# Software for note taking



## idude (Feb 24, 2021)

Gnote is the only thing I found so far that is somewhat close to cherrytree.  Is there anything compatible with cherrytree in the ports?  I would like to be able to read my notes in my fbsd box.


----------



## a6h (Feb 24, 2021)

1. deskutils/tomboy (EXPIRATION DATE: 2021-03-31) Have to wait for _tomboy-ng_
2. deskutils/zim (Wiki style, with outliner capability => works for note taking)
0. vi(1) (my favourite: vi + grep + files + directories)


----------



## richardtoohey2 (Feb 24, 2021)

Looks like it used to work on FreeBSD https://www.freshports.org/deskutils/cherrytree

The MacOS instructions mention Python 3 - so maybe it can be resurrected to work with that?  https://github.com/giuspen/cherrytree


----------



## hasebastian (Feb 24, 2021)

richardtoohey2 said:


> Looks like it used to work on FreeBSD https://www.freshports.org/deskutils/cherrytree
> 
> The MacOS instructions mention Python 3 - so maybe it can be resurrected to work with that?  https://github.com/giuspen/cherrytree


deskutils/qownnotes would be another option


----------



## Deleted member 30996 (Feb 24, 2021)

hasebastian said:


> deskutils/qownnotes would be another option



Interesting for the fact it uses Markdown alone.

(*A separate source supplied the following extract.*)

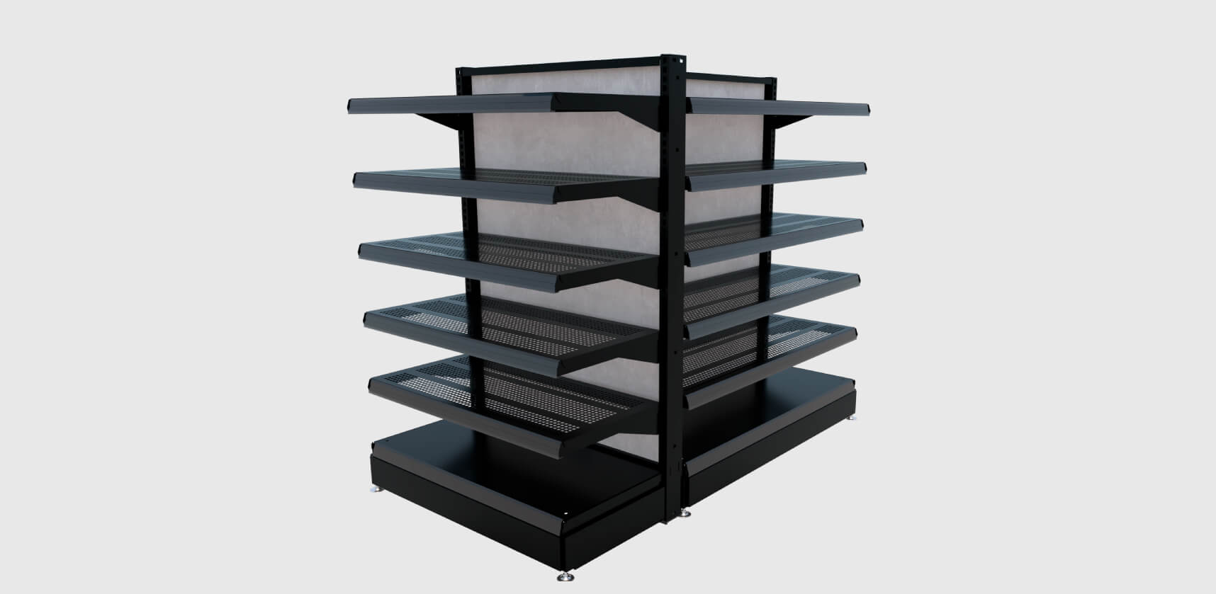 Esta configuración de góndola se utiliza para las configuraciones en las paredes perimetrales de la tienda.

I can write several Markup Languages but never really seen Markdown, or occurred to me to use Markup to keep notes.


----------



## drhowarddrfine (Feb 24, 2021)

vigole said:


> 0. vi(1) (my favourite: vi + grep + files + directories)


Same here. Works better than anything else and works everywhere with no need to install anything.


----------



## eternal_noob (Feb 24, 2021)

A private Github repositiory with a single README file. So you have history, diff, etc.


----------



## olli@ (Feb 24, 2021)

richardtoohey2 said:


> Looks like it used to work on FreeBSD https://www.freshports.org/deskutils/cherrytree
> 
> The MacOS instructions mention Python 3 - so maybe it can be resurrected to work with that?  https://github.com/giuspen/cherrytree


Yes, Cherrytree had a major rewrite and doesn’t use Python2 anymore.
Just someone needs to get around to make a new FreeBSD port …


----------



## olli@ (Feb 24, 2021)

By the way, you can also use security/keepass or security/keepassxc for simple note-taking. Its primary purpose is for storing passwords securely, but there is a free-form comment window for every entry that can be used for notes. Entries are organized in a hierarchical fashion, and there is a full-text search feature that covers the comments.

Advantages of KeePass:

 Strong encryption.
 Cross platform: You can share KeePass files and use them on BSD, Linux, Windows, MacOs, and there are even apps for Android and iOS.
 There are various alternative ways to work with KeePass files: Beside the graphical GUI, there are text-bases ncurses programs and even simple command line (CLI) tools, so you can use KeePass data from within your own scripts, or even write your own KeePass utility from scratch.


----------



## a6h (Feb 24, 2021)

freebsd_noob said:


> A private Github repositiory with a single README file. So you have history, diff, etc.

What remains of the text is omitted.